Smith v. JCP&L, 421 N.J. Super. 374 (App. Div. 2011).  This opinion, authored by Judge Skillman, addresses a number of interesting issues involving inverse condemnation, nuisance, and other things.  From an appellate practice perspective, however, the case is of interest because it holds that the judgment was not final, and therefore appealable, in the circumstances of this case, due to an unresolved application for costs.

There was an appeal and a cross-appeal in this case.  Plaintiffs appealed the denial of their inverse condemnation claim even though they had prevailed on their nuisance theory.  Plaintiffs did not appeal until more than 45 days after the judgment in their favor.  Defendant moved to dismiss the appeal as being too late.  The judgment, however, had not addressed plaintiffs’ application for costs, since plaintiffs had yet to seek them.  Plaintiffs contended that their time to appeal did not begin to run until the costs issue was resolved.

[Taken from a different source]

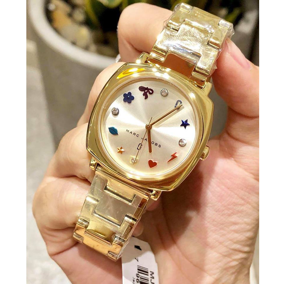 Đồng hồ Marc Jacobs MJ3549 với thiết kế mặt 34mm ôm sát tay kèm với bên trong mặt số được đính các icon dễ thương, dịu dàng thay thế cho các chữ số là sự sáng tạo bộc phá tạo nên điểm cuốn và sức hút cho người mang.

As Judge Skillman observed, normally, a judgment that awards the winning party its taxed costs is considered final, since “a determination of the amount of taxed costs is usually a routine ministerial function performed by the clerk of the court.”  Here, however, where plaintiff sought nearly $50,000 in costs from the clerk, the trial court had to, and eventually did, rule on that application.  In this circumstance, the judgment remained interlocutory until the costs issue was resolved.  The rule that a judgment or order must dispose of all claims as to all parties in order to be final is “no less applicable to an appeal … of an issue, such as counsel fees and costs, that ought to have been resolved before final appellate review.”